Calpers CIO Says Funding Gap to Widen for Foreseeable Futureby
Pension’s net outflows to grow to $9.2 billion in 15 years
Returns lower than 7.5% projection would widen imbalance
The California Public Employees’ Retirement System, the largest U.S. public pension fund, faces a widening funding gap for the foreseeable future as its returns lag behind obligations to retirees, Chief Investment Officer Ted Eliopoulos said Monday.
“The gap grows over time,” Eliopoulos said during a presentation to the Calpers board. “If we return less than 7.5 percent along this path, it gets wider and sooner.”
Calpers, with $301.5 billion in assets, has reported net outflows for five of the past seven fiscal years, including $1.5 billion in the year ending June 30, according to a presentation by Eliopoulos. The gap, a measure of outlays for benefits compared with revenue from contributions and income, is expected to widen to $9.2 billion by fiscal 2031-2032, the final year in the presentation.

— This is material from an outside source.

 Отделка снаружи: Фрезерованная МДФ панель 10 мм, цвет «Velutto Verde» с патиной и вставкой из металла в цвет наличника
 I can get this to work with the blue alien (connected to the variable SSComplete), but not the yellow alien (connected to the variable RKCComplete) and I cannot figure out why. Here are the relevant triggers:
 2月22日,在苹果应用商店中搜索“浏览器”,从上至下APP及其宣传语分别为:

The projections are based on annualized returns of 7.5 percent, a target Eliopoulos said is overly optimistic given the current low-interest-rate, low-return environment.
Calpers’ consultant Wilshire Associates projects annualized returns closer to 6 percent, which would require higher contributions to the fund from a combination of public employees and taxpayers. The system also faces a wave of retiring baby boomers with lengthening life expectancy as the number of employees paying into the system has plateaued or fallen, he said.

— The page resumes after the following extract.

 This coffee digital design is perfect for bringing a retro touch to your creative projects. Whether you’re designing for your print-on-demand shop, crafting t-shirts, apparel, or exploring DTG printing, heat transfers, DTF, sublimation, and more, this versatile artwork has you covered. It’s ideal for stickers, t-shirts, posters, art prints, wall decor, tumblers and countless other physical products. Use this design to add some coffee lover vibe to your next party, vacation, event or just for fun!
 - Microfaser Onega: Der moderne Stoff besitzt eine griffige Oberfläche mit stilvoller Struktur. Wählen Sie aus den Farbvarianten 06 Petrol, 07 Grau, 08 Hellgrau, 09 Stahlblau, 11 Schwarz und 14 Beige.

Calpers must sell as much as $2 billion of securities a year to help close the gap, Eliopoulos said, a situation likely to raise the risk of not meeting benefit needs if markets decline. As of June 30, Calpers had 68 percent of the money it needs to pay projected health and retiree benefits.
“A significant drawdown would particularly be painful especially when the current funded status of the fund is at just below 70 percent,” Eliopoulos said. “It’s very difficult in a down market to sell assets to meet these benefits.”